The Dada Manifesto that Hülsenbeck and Raoul Hausmann wrote in Berlin in April 1918 called for an “international revolutionary union of all creative men and women; for progressive unemployment through the mechanization of all fields of activity; for the abolition of private property; for the provision of free daily meals for creative people and intellectuals, for the remodeling of big-city life by a Dadaist advisory council; and for the regulation of all sexual activity under the supervision of a Dadaist sexual center. These proposals were put forward at what George Grosz called 'the time of the turnip.’”

Now I don’t know what I think about any council regulating my sexual activity, but I do recognize these artists’ disgust with the world around them. They experienced destruction in a way that is hard for Americans to fathom, knew that structures which had stood for thousands of years could be destroyed in an instant, how easily this destruction can result in permanent loss. (Think of those Catholic icons that were desecrated or destroyed in Shakespeare’s time, the cultural loss that resulted from the ruler’s need to force a particular belief system on a nation.)

The Dadaists’ disgust with the world around them symbolized their recognition of the fact that the visual images we hold dear continue to be subject to the whims of any slack-jawed pilot’s trigger-happy finger and our ruler’s good graces. That’s the point behind the Mona Lisa with a mustache. The Dadaists didn’t disrespect the painting/da Vinci so much as they lamented the reality that its existence is tenuous—that its existence is subject to the whims of people who could care less about art.

Dadaists confront the randomness of destruction in their works, and mourn a world where destruction is commonplace.

Duchamp’s Questions:
What is the irreducible element in language?
What would constitute a truly modern dictionary?
How should an index of all knowledge be organized?
To what extent can chance be given its freedom in the arts?
What are the verbal equivalents of colors that cannot be seen?
Should not every government have a Ministry of Coincidences?

Coincidences.

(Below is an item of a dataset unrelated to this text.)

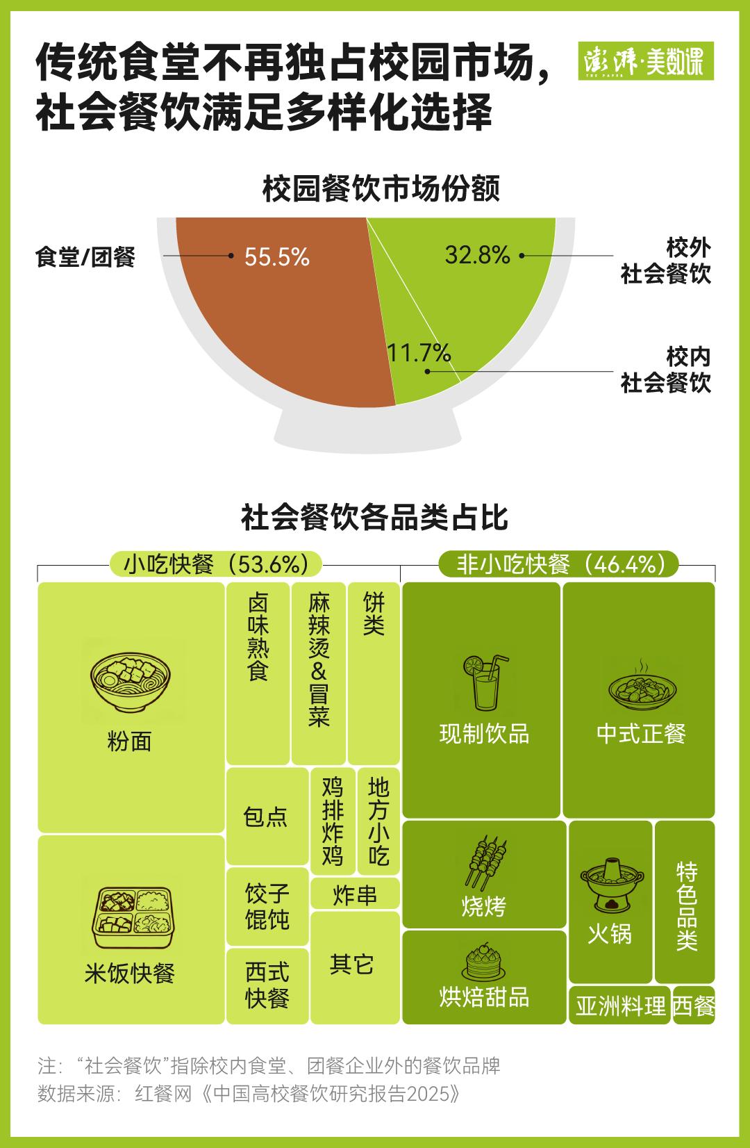 大量社会餐饮纷纷涌入校园,如此便带来了他们所形容的那种“如同鲶鱼游动所引发的效应”。红餐网给出的数据表明,于二零二四年的全国高校餐饮市场范围之内,校园外部以及内部各类社会餐饮已然占据了近乎一半的份额,而且,在高校较为集中并伴有大量商业活动的区域,社会餐饮所开设的门店总数超过了六十二万家。校内用于经商租赁的店铺租金跟着不断上涨,在这种情形下,高校食堂要是不积极主动去迎合市场那不断变化的需求,只是一味坚持传统的经营模式,最终肯定只能面临被淘汰的结局。

Artists recognize the symbolic relationships between seemingly disparate elements, establish connections that some people simply can’t see until the artists point these connections out. This can resemble schizophrenic or delusional behavior, especially if the artist isn’t articulate enough or in touch with her unconsciousness enough to makes these connections resonate with others.

Now, between my mother and my sister, let me just say that there is too damn much schizophrenia in my family. Within the last month, for example, I have received a letter from my sister outlining, in detail, how her reconciliation with her ex-husband would bring about the end of conflict between Israel and Palestine, how their reunion will end the Iraqi conflict. I know that this is delusional thinking but am a logical person and therefore try hard to trace her connections, try to figure out how she reached these conclusions—which, for some reason, is important to me. And, even though it continues to be fruitless, I try to point out the logical inconsistencies in these conclusions.

My father’s approach to delusional behavior was, at first, frustration, but this quickly turned into appeasement. There was a period of time when my mother wrapped everything in plastic wrap. You’d sit on your bed and slide off it because she’d wrapped the mattress in plastic wrap (to keep some kind of evil something—germs?—inside it) when you weren’t looking. She had a witch hazel stage, too. And a tin foil stage. I came home from school one day—without a friend, thankfully—to find the entire piano wrapped in tin-foil and my father and sister and mother just sitting in the room there with it. Daddy was reading the paper across from the silver monstrosity, in fact.

There was this unspoken agreement in my family that we were supposed to pretend that the most extreme behavior was normal, that we were supposed to ignore that elephant sitting in the living room, but I could never do this. Excuse me, I inevitably said, but has anyone noticed that the fucking piano is wrapped in tin-foil!???